REQUIRED WORK: Only the lines below from the one containing "The operation addition" through the one containing "Heavy Roses, Voulangis, France, remains" belong in the answer, repeated exactly and without pictures.

DATA:
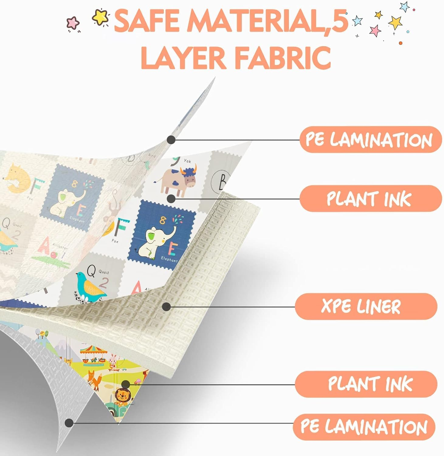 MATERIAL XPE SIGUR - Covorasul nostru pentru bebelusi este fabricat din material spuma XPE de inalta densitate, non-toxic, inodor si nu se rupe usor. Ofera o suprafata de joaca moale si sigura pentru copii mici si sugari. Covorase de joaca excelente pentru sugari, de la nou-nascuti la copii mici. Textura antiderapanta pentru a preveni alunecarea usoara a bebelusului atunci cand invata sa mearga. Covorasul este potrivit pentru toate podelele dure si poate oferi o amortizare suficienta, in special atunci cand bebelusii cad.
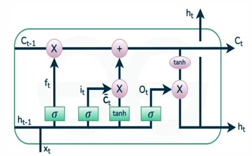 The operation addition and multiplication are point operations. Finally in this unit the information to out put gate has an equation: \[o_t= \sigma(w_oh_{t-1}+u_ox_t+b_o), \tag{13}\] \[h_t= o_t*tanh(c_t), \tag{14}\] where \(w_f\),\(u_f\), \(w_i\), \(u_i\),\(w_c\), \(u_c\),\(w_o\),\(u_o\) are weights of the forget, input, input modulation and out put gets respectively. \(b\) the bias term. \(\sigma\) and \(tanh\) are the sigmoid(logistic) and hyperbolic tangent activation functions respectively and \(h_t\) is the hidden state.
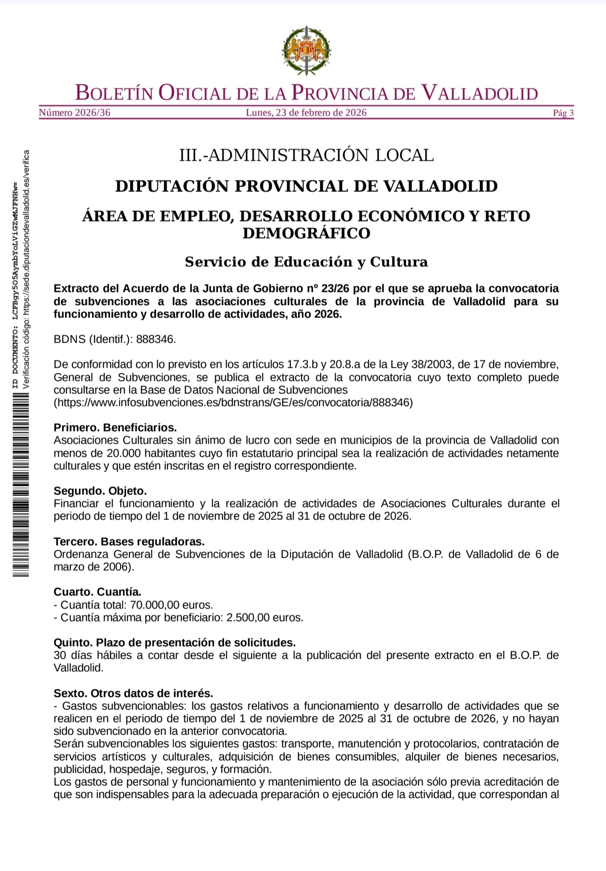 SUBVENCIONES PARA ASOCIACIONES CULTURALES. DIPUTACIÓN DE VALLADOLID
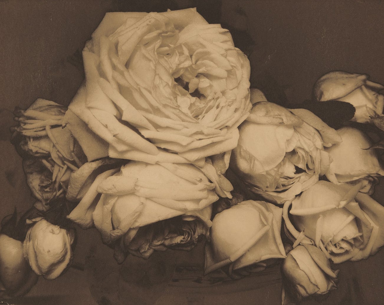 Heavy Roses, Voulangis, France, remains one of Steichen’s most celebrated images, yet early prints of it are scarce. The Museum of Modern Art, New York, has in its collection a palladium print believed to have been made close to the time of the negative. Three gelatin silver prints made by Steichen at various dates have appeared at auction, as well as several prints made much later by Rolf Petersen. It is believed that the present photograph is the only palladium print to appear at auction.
...
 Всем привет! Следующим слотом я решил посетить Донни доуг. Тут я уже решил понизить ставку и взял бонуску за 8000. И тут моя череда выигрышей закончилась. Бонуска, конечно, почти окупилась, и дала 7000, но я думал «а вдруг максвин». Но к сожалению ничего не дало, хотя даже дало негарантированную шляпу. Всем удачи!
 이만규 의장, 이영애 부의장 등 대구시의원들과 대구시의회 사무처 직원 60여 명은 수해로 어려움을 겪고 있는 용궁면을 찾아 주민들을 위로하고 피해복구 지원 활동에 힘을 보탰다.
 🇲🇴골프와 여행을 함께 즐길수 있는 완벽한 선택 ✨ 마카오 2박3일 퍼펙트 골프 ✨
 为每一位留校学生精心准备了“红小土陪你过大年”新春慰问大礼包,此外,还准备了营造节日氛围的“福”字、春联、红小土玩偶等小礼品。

COMPLETED TASK:
 The operation addition and multiplication are point operations. Finally in this unit the information to out put gate has an equation: \[o_t= \sigma(w_oh_{t-1}+u_ox_t+b_o), \tag{13}\] \[h_t= o_t*tanh(c_t), \tag{14}\] where \(w_f\),\(u_f\), \(w_i\), \(u_i\),\(w_c\), \(u_c\),\(w_o\),\(u_o\) are weights of the forget, input, input modulation and out put gets respectively. \(b\) the bias term. \(\sigma\) and \(tanh\) are the sigmoid(logistic) and hyperbolic tangent activation functions respectively and \(h_t\) is the hidden state.
 SUBVENCIONES PARA ASOCIACIONES CULTURALES. DIPUTACIÓN DE VALLADOLID
 Heavy Roses, Voulangis, France, remains one of Steichen’s most celebrated images, yet early prints of it are scarce. The Museum of Modern Art, New York, has in its collection a palladium print believed to have been made close to the time of the negative. Three gelatin silver prints made by Steichen at various dates have appeared at auction, as well as several prints made much later by Rolf Petersen. It is believed that the present photograph is the only palladium print to appear at auction.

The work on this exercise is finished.